The high-profile case of a young woman forced to give birth in Ireland has highlighted the realities of Ireland’s recently introduced Protection of Life During Pregnancy Act 2013 – a law designed to regulate the limited situations in which abortion is available.
The unnamed woman, who has limited English language skills, reportedly became pregnant as a result of rape. She was suicidal and requested an abortion but was refused. Her baby was delivered by cesarean section in the 25th week of the pregnancy and will be taken into care.
It has been reported that the woman made it clear to the authorities she wanted an abortion in April, when she was around eight weeks pregnant, but was not given any information about how to acquire one until she went to a GP in July.
Exactly what happened during this period is unclear. What we do know from newspaper reports is that once she went to a GP and made a formal request for an abortion, two psychiatrists and an obstetrician agreed she was suicidal but she was not permitted to have an abortion. This was because, by the time that decision had been made, the foetus was considered to be viable – capable of surviving outside the womb.
We also know that the woman went on a hunger and liquid strike, resulting in a court order for forced hydration, which was administered. Although her exact immigration status is unknown, we know that she could not travel for an abortion – as most Irish women do if they seek an abortion and have the means to leave the country – because she did not have the required travel documents.
Even though we don’t know every detail of this case, what we have is enough to demonstrate the deep power imbalance that Ireland’s abortion law imposes on women who seek to exercise their autonomy and terminate their pregnancies. The imbalance was exacerbated by this particular woman’s circumstances: raped, not fluent in English, unable to travel, young and suicidal.
The case also demonstrates the significant power that the Irish approach to abortion gives to the medical profession. Under the 2013 Act, introduced to create what the government describes as “procedural rights” for women who seek abortions, access to abortion is a purely medical question. Where a woman’s life is at risk from a physical illness, two doctors must agree that this is the case, that termination of the pregnancy is required and (implicitly) that the foetus is not viable.
Where there is a risk of suicide, three doctors must assess the woman. Two must be psychiatrists and one must be an obstetrician. Conceivably, under the 2013 Act and its leaked but not yet officially published guidelines, a woman may have to come into contact with up to seven medics and “an interdisciplinary team” in order to determine whether she may have an abortion in Ireland. None of these doctors are required to disclose whether they have a personal objection to abortion.
Thus, rather than treat abortion as a matter of choice, autonomy or bodily integrity, Irish law treats it as a matter purely of medicine and, in so doing, abjectly disempowers women.
This flows from position put forward on abortion in the Irish constitution, which recognises “the unborn child” as a constitutional subject. Article 40.3.3, which was inserted in 1983, says “The State acknowledges the right to life of the unborn and, with due regard to the equal right to life of the mother, guarantees in its laws to respect, and, as far as practicable, by its laws to defend and vindicate that right.”
This provision, which has been conservatively interpreted, means that abortion is only available in Ireland when a woman will die without it. It also means that a pregnant woman and an unborn child have an “equal” right to life. Once a foetus is deemed viable, abortion is no longer possible, although an early delivery – as happened in this case – may be.
To get around these rules, women with the means to do so travel to the UK for abortions. Women without those means are left with two options.
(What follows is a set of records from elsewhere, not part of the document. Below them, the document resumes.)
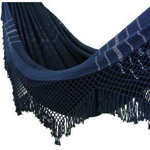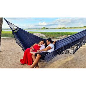 Rede de Dormir Descanso Casal Super King Azul Gigante A rede super king toda feita em algodão, possui grandes dimensões para acomodar com conforto duas pessoas de grande estatura Confeccionada com algodão de alta qualidade que garante sua resistência e durabilidade.Especificações-comprimento total da rede 470 cm-comprimento total do tecido 300 cm-largura total do tecido 180 cm-capacidade máxima de peso 250 kg-peso total da rede 3,000 kg-composição 100% algodão Instalação recomendada-altura média do gancho em relação ao chão 160 cm-distância média entre os ganchos 330 cmAs informações acima podem variar de acordo com o ambiente que será feita a instalação da rede.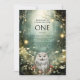 Wild un thème enchanté forêt bois forêt 1er anniversaire invitation pour les garçons ou les filles. Un hibou forestier magique parmi les fleurs et les lumières brillantes. Personnaliser pour une fille ou un garçon. Disponible en version imprimée, en téléchargement numérique ou les deux.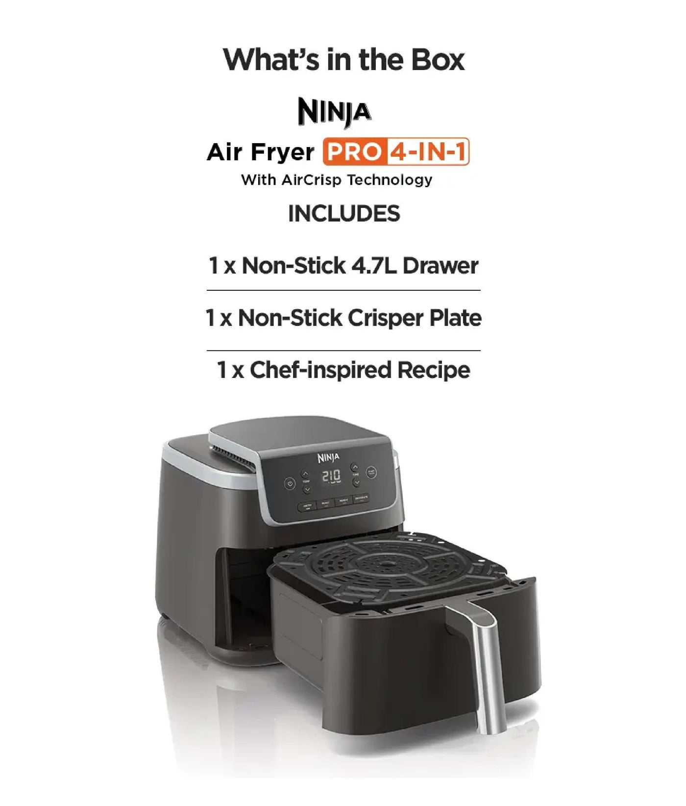 - Ninja AF141 Air Fryer Pro 4.7L AirCrisp Technology with 4 Programmable Settings

They can either import and take abortificients, which is a criminal offence, or continue their pregnancies against their will.
As long as the constitutional text remains as it is, it is difficult to see how any substantial improvement in abortion law can be achieved. The constitution can only be changed by a referendum of the people, and – although there are to be up to half a dozen referendums in 2015 – there appears to be no political appetite for an abortion referendum.
In this, the long story of abortion in Ireland as a failure of political leadership seems set to continue. Only a constitutional change can truly empower women in Ireland to make decisions about their lives, their bodies, their pregnancies and their potential motherhood.